Significant ethnic differences were observed in ACA, ACV, ACW, LV, IT, and IArea (all P < .05). ACA, ACV, and LV were significant predictors of TISA750 and AOD750 in all ethnic groups (all P < .001). ACW and IT were significant predictors of AOD750 in white and African subjects (all P < .05). ACW and IT were significant predictors of TISA750 in white subjects (all P < .05). IArea was a significant predictor of AOD750 in Chinese ( P < .05). ACA, ACV, and LV had the highest predictive strength for both TISA750 and AOD750 in all ethnic groups based on β and R 2 .


Conclusions


Despite ethnic differences in ACA, ACV, ACW, LV, IT, and IArea, the same 3 anterior segment parameters (ACA, ACV, and LV) were the strongest predictors of angle width (TISA750 and AOD750) in all 4 ethnic groups.


Primary angle closure glaucoma (PACG) is one of the leading causes of irreversible blindness worldwide. Although this condition is most commonly described among those of Asian descent, it can occur in all races. A review of the literature published between the years 1966 and 2006 indicated reproducible evidence of ethnic variations in the prevalence of PACG. Evaluation of the anterior chamber angle width is considered the key factor in diagnosis, since this anatomic parameter primarily determines the risk for PACG development. One method of quantifying angle width is by using diagnostic imaging modalities such as anterior segment optical coherence tomography (AS OCT). Analysis of AS OCT images with customized software, the Zhongshan Angle Assessment Program (Zhongshan Ophthalmic Centre, Guangzhou, China), allows objective and reproducible quantification of anterior segment biometric parameters.


Two parameters that closely reflect angle width are trabecular–iris space area and angle opening distance. Foo and associates showed in Chinese subjects that angle width is largely dependent on variations in anterior chamber area, anterior chamber volume, anterior chamber width, lens vault, iris thickness measured at 750 μm from the scleral spur, and iris area. Using a predictive mathematical model composed of these 6 anterior segment biometric parameters, their study explained 81.4% of the variability in trabecular–iris space area at 750 μm from the scleral spur and 85.5% of the variability in angle opening distance at 750 μm from the scleral spur.

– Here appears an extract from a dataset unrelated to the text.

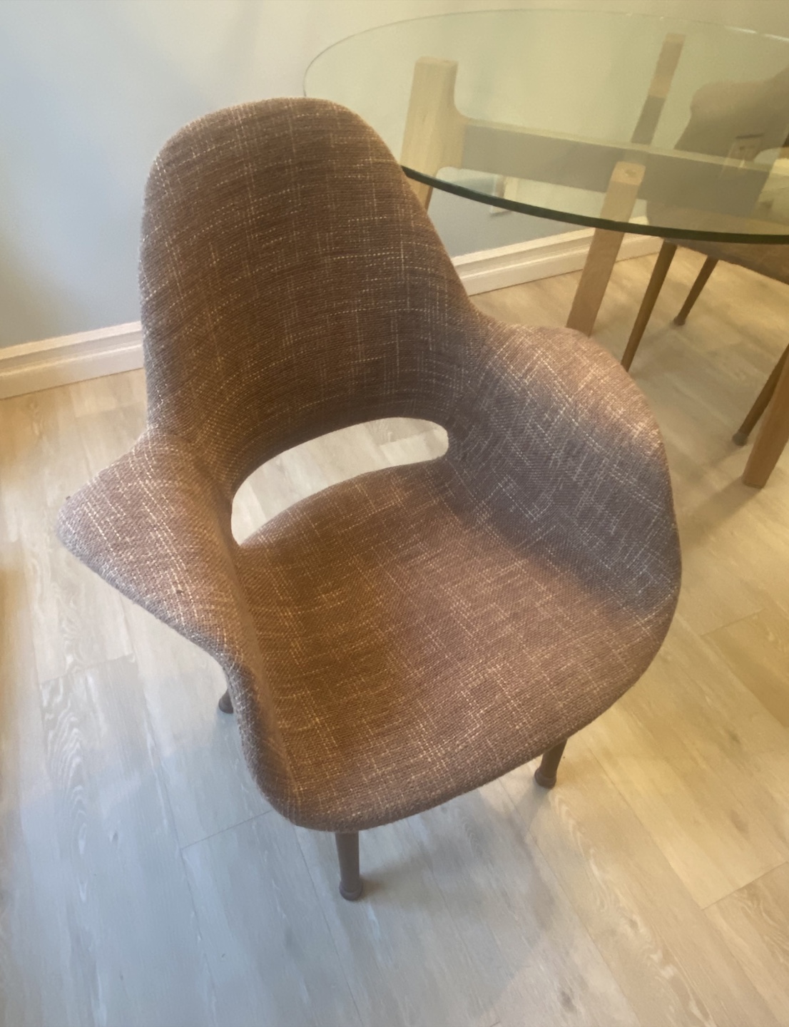 Chairs are tweed. Super clean. Reinforced and can hold a heavy weight. Legs screw off for easy move.

However, their findings in an ethnic Chinese population may not necessarily apply to other ethnic groups. Quantifying the predictive ability of anterior segment biometric parameters associated with anterior chamber angle width in various ethnic groups can provide insight into mechanisms of angle closure in different ethnicities. The purpose of the present study was to objectively compare the predictive strength of anterior chamber area, anterior chamber volume, anterior chamber width, lens vault, iris thickness measured at 750 μm from the scleral spur, and iris area for anterior chamber angle width among white, African, Hispanic, and Chinese populations.


Methods


Approval for this prospective, cross-sectional, single-center, multiethnic, clinic-based study was obtained from the University of California, San Francisco (UCSF) Committee on Human Research. The study was carried out in accordance with the tenets of the Declaration of Helsinki and written consent was obtained from all patients. The study population was composed of 4 different ethnic cohorts (white, African, Hispanic, and Chinese) consecutively recruited from the UCSF general ophthalmology and glaucoma clinics between March 1, 2008 and September 28, 2010. Ethnicities were self-designated by the patients.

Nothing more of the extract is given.